It’s exactly the type of community PayPal co-founder Peter Thiel envisioned when he created the fellowship in 2010. He believes in entrepreneurship, and in helping to realize good ideas.
The combination of mentorship and
funding enables students to take their raw passions and turn them into
realities. So far, dozens of companies have sprung up from the funding.
ThielFoundation.org
In 2015, the most competitive year yet,
the fellowship had 2,800 proposals. Though it was originally called the
“20 under 20” fellowship, it has expanded in recent years to
accommodate “older” applicants—people up to 22.
The extended age bracket isn’t the only reason the applications grew. Silicon Valley is a seductive destination to a generation raised on the legends of dropouts like Mark Zuckerberg and Bill Gates.
The fellowship provides an alternative
to attending college for four years, and emerging with a degree but
without finances to take on passion projects. It’s not anti-college.
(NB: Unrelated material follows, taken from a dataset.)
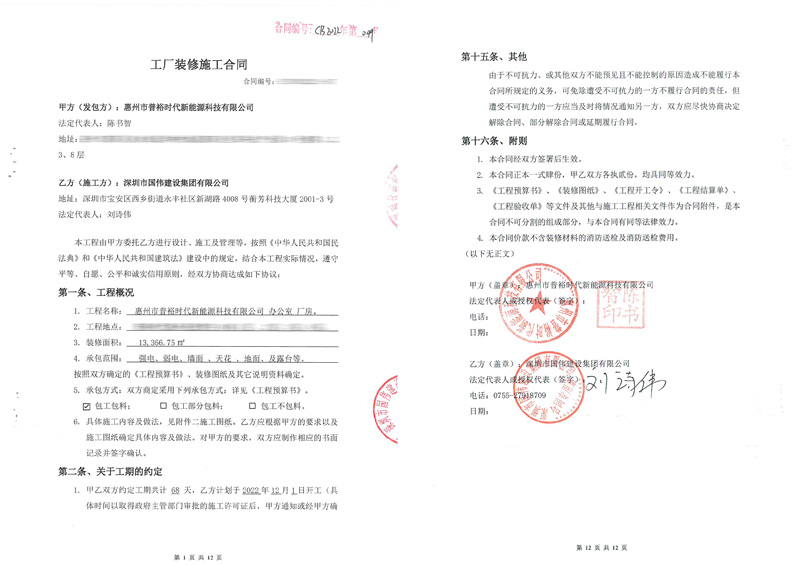 惠州市普裕时代新能源科技有限公司办公司、厂房装修项目

It’s for students who don’t feel like college is for them.
Ben Yu, founder of Sprayable Energy,
felt he didn’t need to be in a classroom, dealing with hypotheticals,
when he could be in the world, learning through experience.
“I actually heard about the fellowship
my freshman fall by reading an article that basically said the Thiel
Fellowship is the worst thing ever,” Yu said. “It talked about how the
fellowship showed how evil Peter Thiel is and how messed up the Silicon
Valley Bubble is. I read it, and thought it was really fantastic.”
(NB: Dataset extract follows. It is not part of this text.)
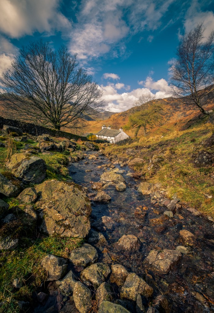 Bleatarn House and beck tumbling down from Lingmoor Fell

Yu said that the funding legitimized his
vision for his startup. He would have left Harvard whether he won the
fellowship or not, but the $100,000 vote of confidence didn’t hurt.
That type of conviction is required for
anyone seriously considering the fellowship. Even with help, startups
bring countless obstacles.
Money is always an issue. Gee and her coworkers share an apartment. They’ve even gone vegetarian to save.
Photo courtesy of Grace Gee
“We’re going to try to make [the
funding] last for a long time,” she said. “We want to keep going long
enough to validate what we’re doing. But mostly we just want to help
people with their health insurance.”
Hamed said one of his greatest
challenges is fear of the unknown. At Harvard, he faced stresses related
to time management. Realizing that he wanted to do everything, and
couldn’t, was tough. But in the startup world, the pressures are
different. There’s no playbook .
“The pressure of having to finish an
assignment is very different from ‘I don’t know where I’m going to get
five new users in the next week,” Hamed said.
While their peers volunteer on campus
and wrestle with James Joyce, fellows have to hire a competent staff and
balance vision with execution. With their stacked resumes and the
perfectly articulated business pitches, it’s easy to forget their ages.
But Yu said that he wouldn’t trade in his experience as a fellow for a
“normal” college experience.
“When I started college, I’d been cooped
up in school for 12 years,” Yu said. “I was pretty antsy to get out and
actually do something.”
Photo courtesy of Ben Yu
Yu dropped out of Harvard his sophomore
year and said he felt that he didn’t have a reason to be in college. He
later returned for another semester and enjoyed it more that time, but
departed again once his startup began to take off.
He hasn’t ruled out returning for his diploma, but his work keeps him from entertaining the idea too seriously.
“If I had nothing else to do, it’s not something I would hate doing,” Yu said.
“It’s the group that I identify
with and believe in,” Ferreira said. “The things they talk about are the
things I like to talk about.”
Her parents would like her to have a
college degree, she said. But she’d already dropped out once to launch
her first startup, so they’re not really surprised.
Gee admitted she sometimes envies typical college experiences.
“A lot of our classmates after
graduation have been going on a lot of trips, or starting new work,” she
said. “Sometimes you feel like you miss out a little bit.”
Still, Gee said, it’s worth it.
“I think the startup space needs more
young people,” Gee said. “A lot of older people come in and build
amazing tools that further an existing industry, but young people come
in with new ideas that can create new spaces, and these are the awesome
changes that young people are better at as well.”